🤖 AI Summary
Image memorability—the probability that an image is remembered after a single exposure—lacks a well-established computational model, and its key visual determinants remain unclear.
Method: We propose a single-epoch VGG16-based autoencoder trained to simulate human instantaneous memory; for the first time, we directly model reconstruction error as a memorability predictor. We further employ Integrated Gradients for interpretability, identifying semantically salient regions and high-contrast textures as low-level memorability cues.

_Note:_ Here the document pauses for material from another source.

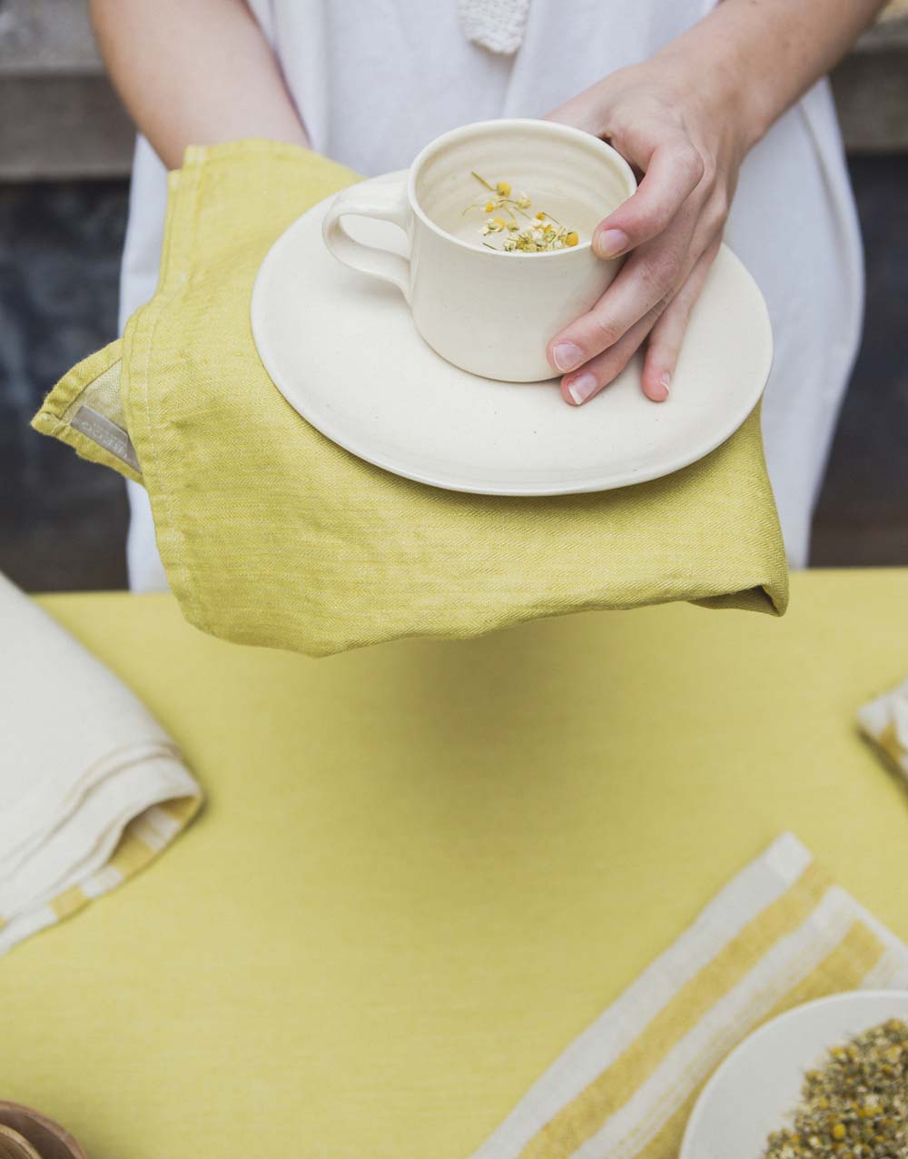 더 매뉴팩토리의 파트너 이름을 딴 제품으로 파티오 스트라이프와 라이브러리 스트라이프가 믹스 앤 매치 코디 제품으로 디자인되었으며 솔리드 머스타드의 헤링본 텍스처의 제품입니다.

Contribution/Results: We discover that inter-class discriminability of latent representations is a stronger predictor of memorability than conventional features (significantly positive correlation). Reconstruction error exhibits a significant negative correlation with human memorability scores (p < 0.001), and an MLP regressor achieves a Spearman correlation of 0.72. This work establishes a novel, interpretable computational paradigm for studying the neural and perceptual foundations of visual memory.
📝 Abstract
Image memorability refers to the phenomenon where certain images are more likely to be remembered than others. It is a quantifiable and intrinsic image attribute, defined as the likelihood of an image being remembered upon a single exposure. Despite advances in understanding human visual perception and memory, it is unclear what features contribute to an image's memorability. To address this question, we propose a deep learning-based computational modeling approach. We employ an autoencoder-based approach built on VGG16 convolutional neural networks (CNNs) to learn latent representations of images. The model is trained in a single-epoch setting, mirroring human memory experiments that assess recall after a single exposure. We examine the relationship between autoencoder reconstruction error and memorability, analyze the distinctiveness of latent space representations, and develop a multi-layer perceptron (MLP) model for memorability prediction. Additionally, we perform interpretability analysis using Integrated Gradients (IG) to identify the key visual characteristics that contribute to memorability. Our results demonstrate a significant correlation between the images' memorability score and the autoencoder's reconstruction error, as well as the robust predictive performance of its latent representations. Distinctiveness in these representations correlated significantly with memorability. Additionally, certain visual characteristics were identified as features contributing to image memorability in our model. These findings suggest that autoencoder-based representations capture fundamental aspects of image memorability, providing new insights into the computational modeling of human visual memory.